===== DATASET EXTRACT =====

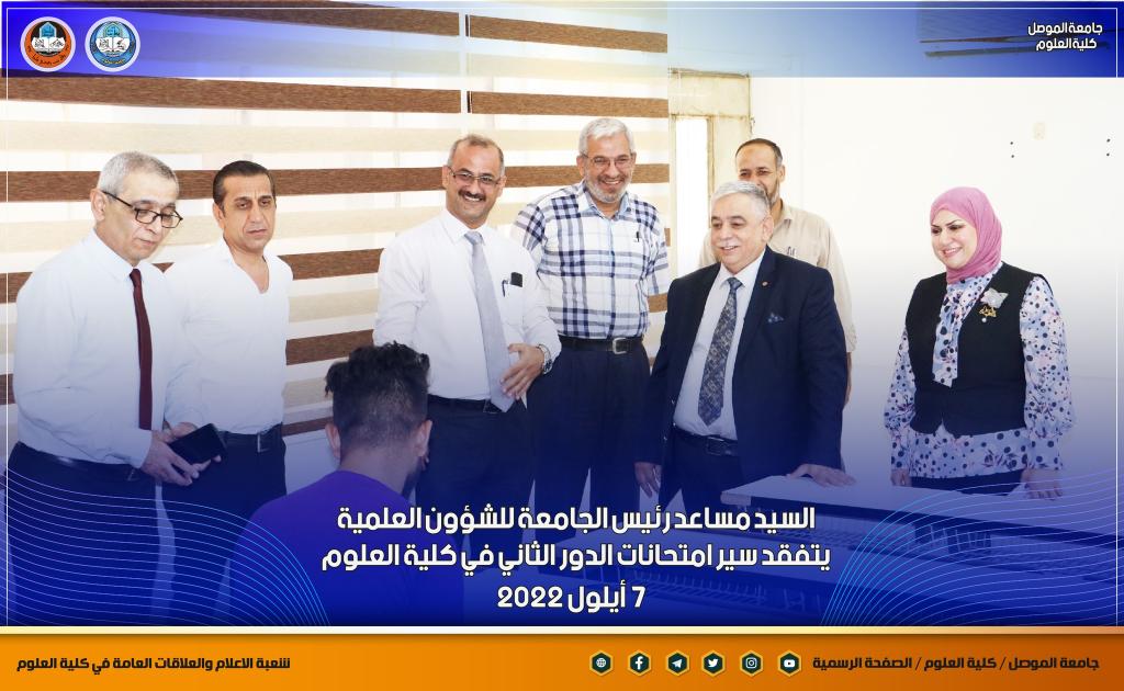 تفقد السيد مساعد رئيس الجامعة للشؤون العلمية الأستاذ الدكتور منير سالم طه سير امتحانات الدور الثاني في أقسام الكلية رافقه في الجولة السيدة عميد الكلية الأستاذ الدكتورة هيام عادل ابراهيم و السادة معاوني العميد.وقد اطلع خلال جولته على عمل اللجان الامتحانية في الأقسام مثنياً على جهودهم المبذولة في ادارة العملية الامتحانية مؤكداً في الوقت ذاته على ضرورة الالتزام بتعليمات الوزارة بشأن كتابة الماستر شيت الخاص بالطلبة.شعبة الإعلام والعلاقات العامةالأربعاء 7 أيلول 2022
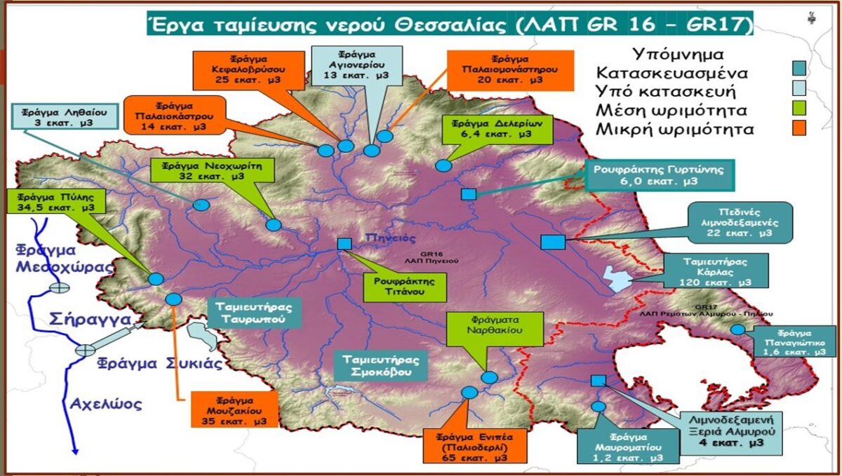 Οι ταμιευτήρες νερού περιμετρικά της Θεσσαλίας (Σκοπιά Φαρσάλων, περιοχή Ελασσόνας, Νεοχώρι, Πύλη Τρικάλων, Μουζάκι) που θα συγκρατούν τα νερά στα ορεινά κατά την διάρκεια των πλημμυρών, προβλέπονται στα εγκεκριμένα Σχέδια Διαχείρισης Λεκάνης Απορροής Ποταμών του 2014 και στην αναθεώρησή τους το 2017, με συνολικό όγκο υδάτων 150 εκατομμυρίων κ.μ. νερού.
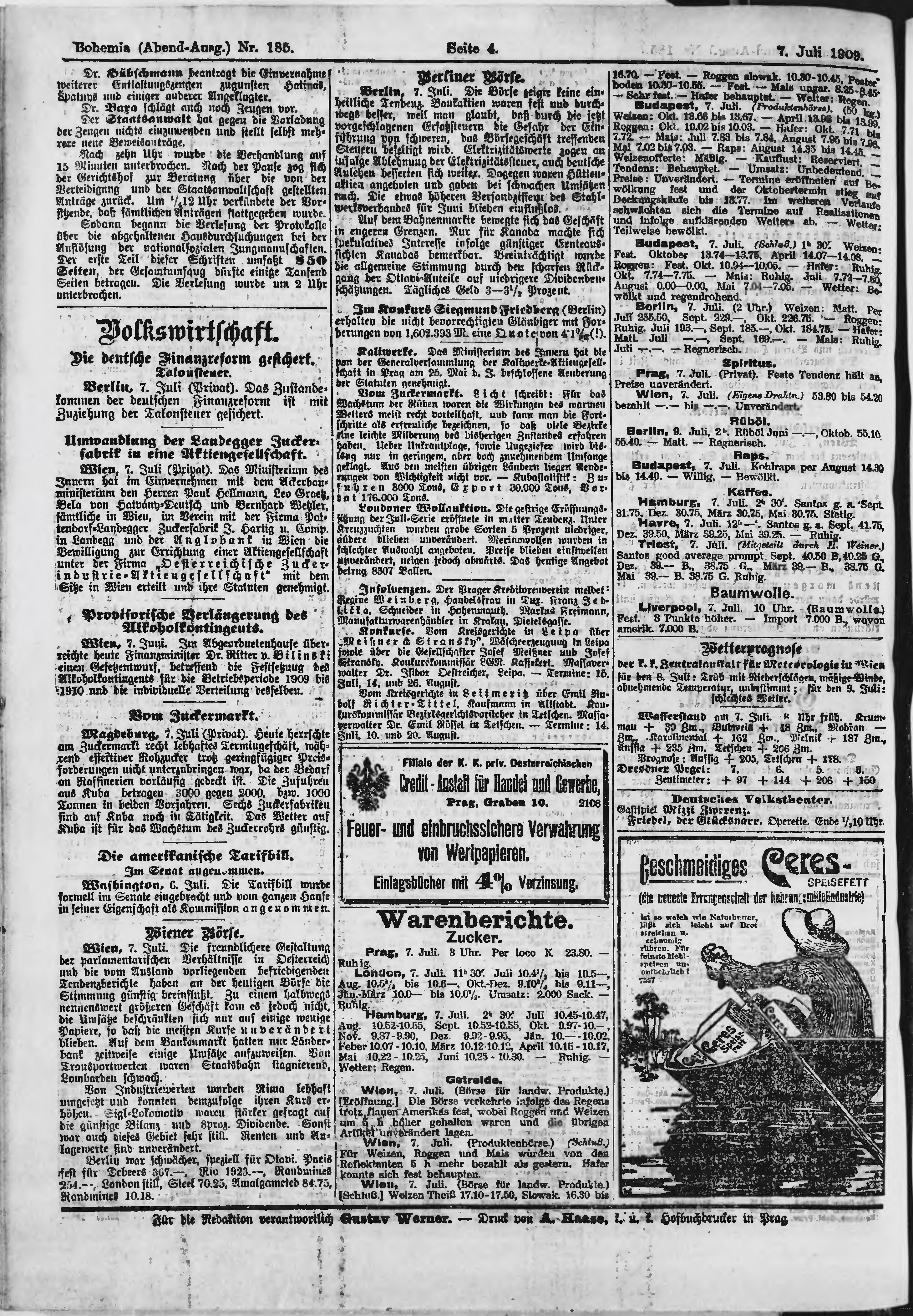 * Datum vydání výtisku: 7.7.1909 Číslo výtisku: 185 Poznámky k výtisku: večerní vydání;
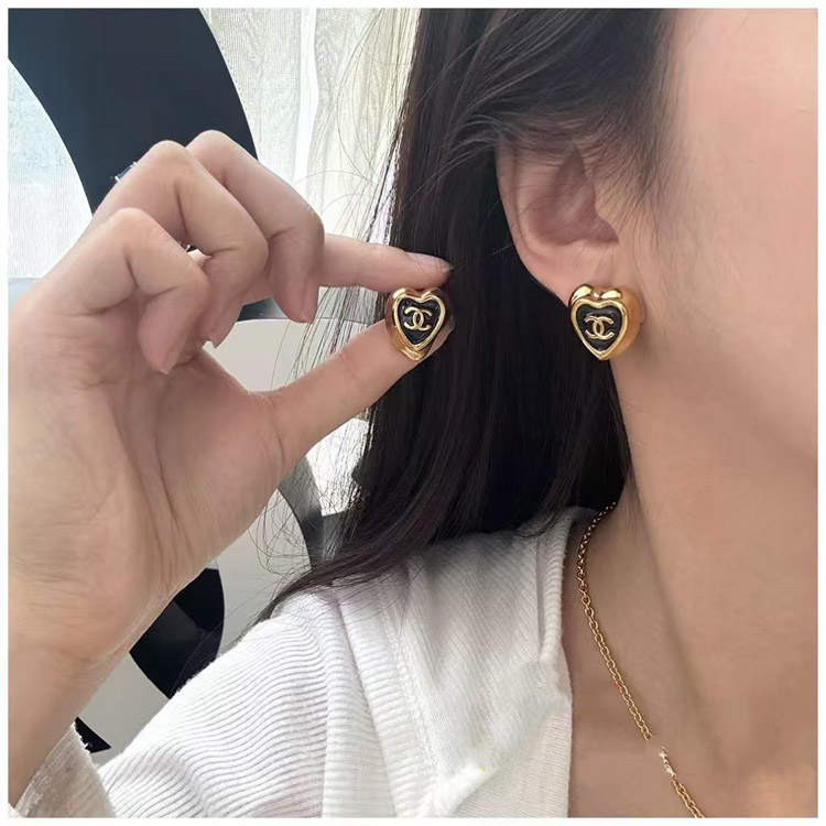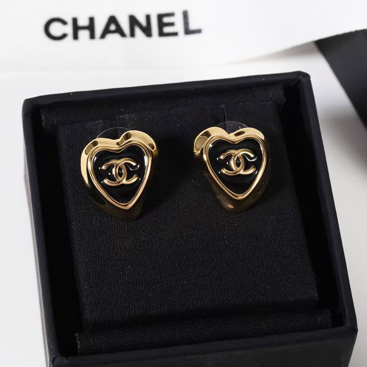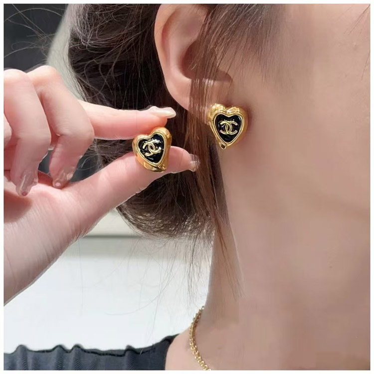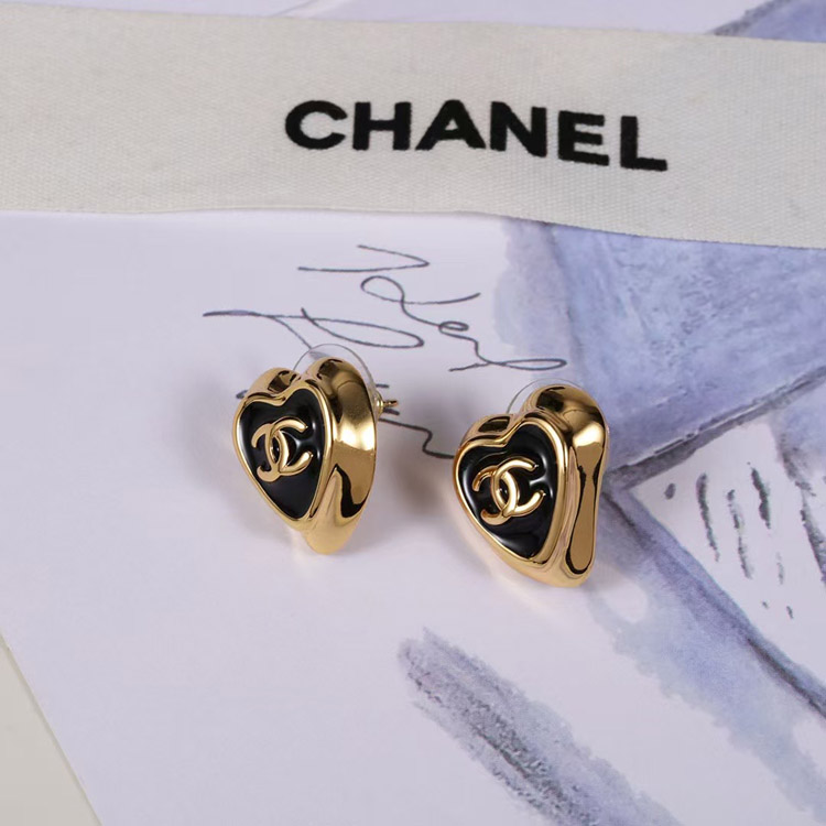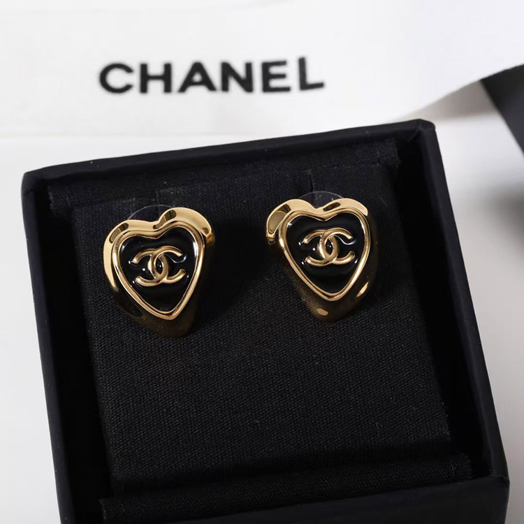 Chanel black enamel love double C gold edge earrings-3739

=====

WHAT NEEDS TO BE DONE:
With the pictures excluded, retype exactly the lines from the one containing "Οι ταμιευτήρες νερού" through the last line of the listing, both ends included.

RESULT FOR THIS TASK:
 Οι ταμιευτήρες νερού περιμετρικά της Θεσσαλίας (Σκοπιά Φαρσάλων, περιοχή Ελασσόνας, Νεοχώρι, Πύλη Τρικάλων, Μουζάκι) που θα συγκρατούν τα νερά στα ορεινά κατά την διάρκεια των πλημμυρών, προβλέπονται στα εγκεκριμένα Σχέδια Διαχείρισης Λεκάνης Απορροής Ποταμών του 2014 και στην αναθεώρησή τους το 2017, με συνολικό όγκο υδάτων 150 εκατομμυρίων κ.μ. νερού.
 * Datum vydání výtisku: 7.7.1909 Číslo výtisku: 185 Poznámky k výtisku: večerní vydání;
 Chanel black enamel love double C gold edge earrings-3739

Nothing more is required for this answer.